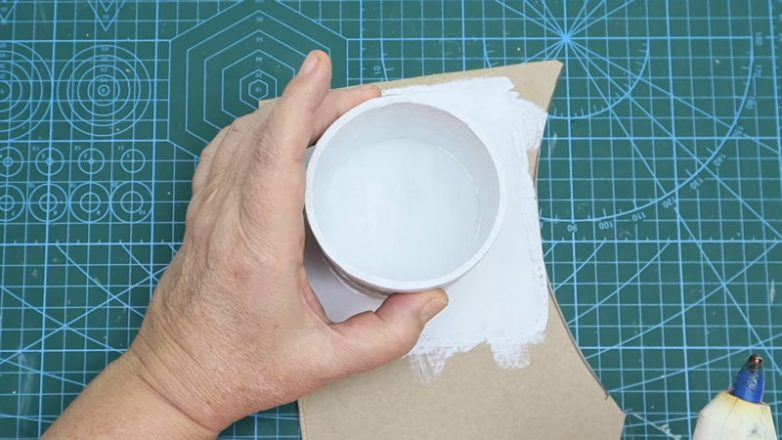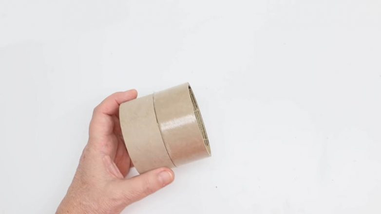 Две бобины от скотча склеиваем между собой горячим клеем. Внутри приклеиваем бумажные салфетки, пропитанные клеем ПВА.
...
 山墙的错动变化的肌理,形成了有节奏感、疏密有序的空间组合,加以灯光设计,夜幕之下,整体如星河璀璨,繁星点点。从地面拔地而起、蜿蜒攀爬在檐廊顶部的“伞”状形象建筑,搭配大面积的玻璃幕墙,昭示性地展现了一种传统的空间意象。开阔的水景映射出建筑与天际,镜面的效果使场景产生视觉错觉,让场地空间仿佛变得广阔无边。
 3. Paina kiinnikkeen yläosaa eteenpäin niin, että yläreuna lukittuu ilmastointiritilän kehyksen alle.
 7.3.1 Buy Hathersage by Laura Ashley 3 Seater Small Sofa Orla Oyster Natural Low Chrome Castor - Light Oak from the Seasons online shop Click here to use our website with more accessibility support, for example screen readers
--
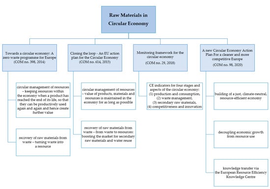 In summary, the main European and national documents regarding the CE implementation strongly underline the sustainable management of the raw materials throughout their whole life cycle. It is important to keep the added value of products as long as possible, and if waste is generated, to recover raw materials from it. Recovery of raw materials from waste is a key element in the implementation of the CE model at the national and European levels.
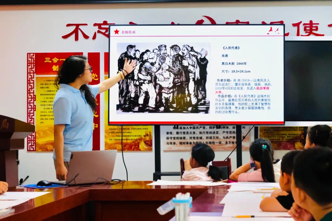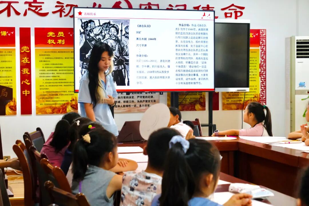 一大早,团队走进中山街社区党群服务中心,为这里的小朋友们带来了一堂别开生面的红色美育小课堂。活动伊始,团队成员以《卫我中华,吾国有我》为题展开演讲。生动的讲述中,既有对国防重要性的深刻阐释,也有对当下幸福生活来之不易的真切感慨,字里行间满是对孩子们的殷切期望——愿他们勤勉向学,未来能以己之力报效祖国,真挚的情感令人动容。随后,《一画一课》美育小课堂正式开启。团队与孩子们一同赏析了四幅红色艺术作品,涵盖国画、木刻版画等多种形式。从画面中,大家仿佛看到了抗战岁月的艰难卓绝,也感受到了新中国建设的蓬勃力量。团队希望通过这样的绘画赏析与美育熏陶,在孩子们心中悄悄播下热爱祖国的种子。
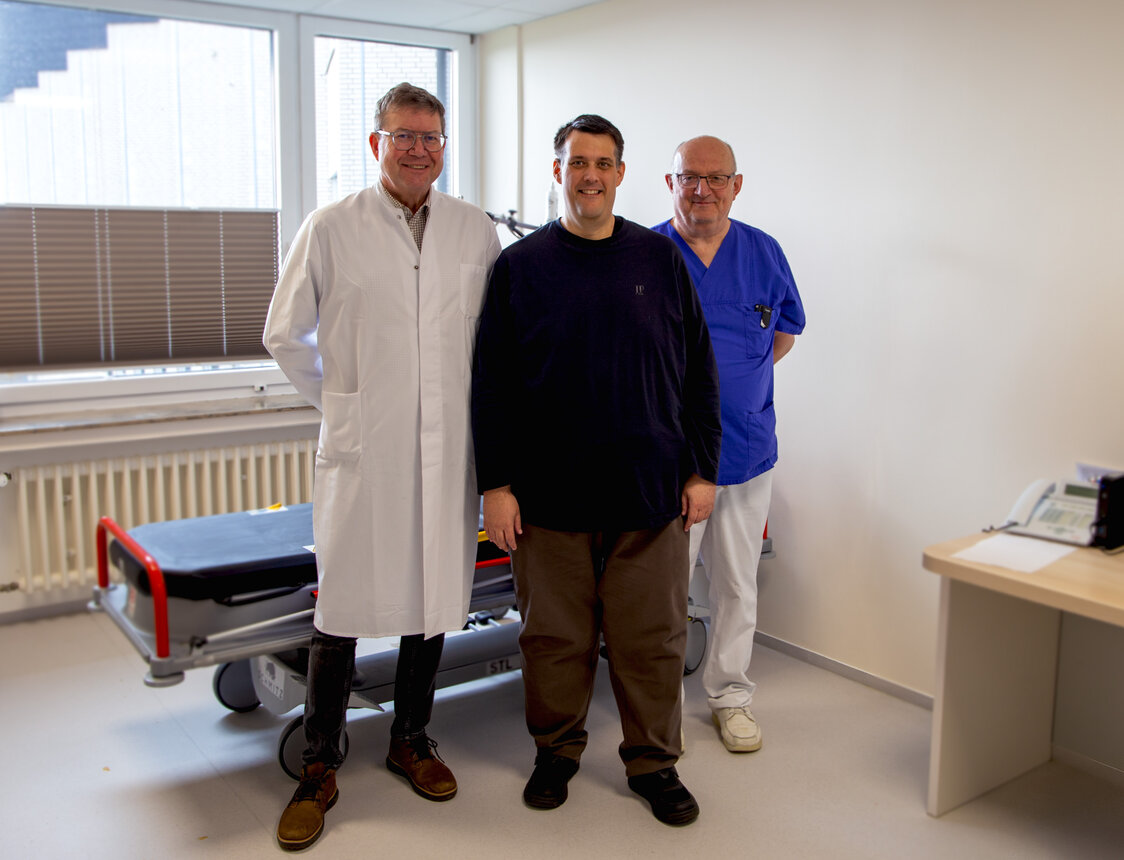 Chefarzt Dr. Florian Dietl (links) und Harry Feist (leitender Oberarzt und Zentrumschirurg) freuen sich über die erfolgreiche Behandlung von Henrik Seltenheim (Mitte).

> Task to carry out
Within the material above, copy exactly the lines from the line that holds "山墙的错动变化的肌理,形成了" up to and including the line that holds "7.3.1 Buy Hathersage".

> Response area
 山墙的错动变化的肌理,形成了有节奏感、疏密有序的空间组合,加以灯光设计,夜幕之下,整体如星河璀璨,繁星点点。从地面拔地而起、蜿蜒攀爬在檐廊顶部的“伞”状形象建筑,搭配大面积的玻璃幕墙,昭示性地展现了一种传统的空间意象。开阔的水景映射出建筑与天际,镜面的效果使场景产生视觉错觉,让场地空间仿佛变得广阔无边。
 3. Paina kiinnikkeen yläosaa eteenpäin niin, että yläreuna lukittuu ilmastointiritilän kehyksen alle.
 7.3.1 Buy Hathersage by Laura Ashley 3 Seater Small Sofa Orla Oyster Natural Low Chrome Castor - Light Oak from the Seasons online shop Click here to use our website with more accessibility support, for example screen readers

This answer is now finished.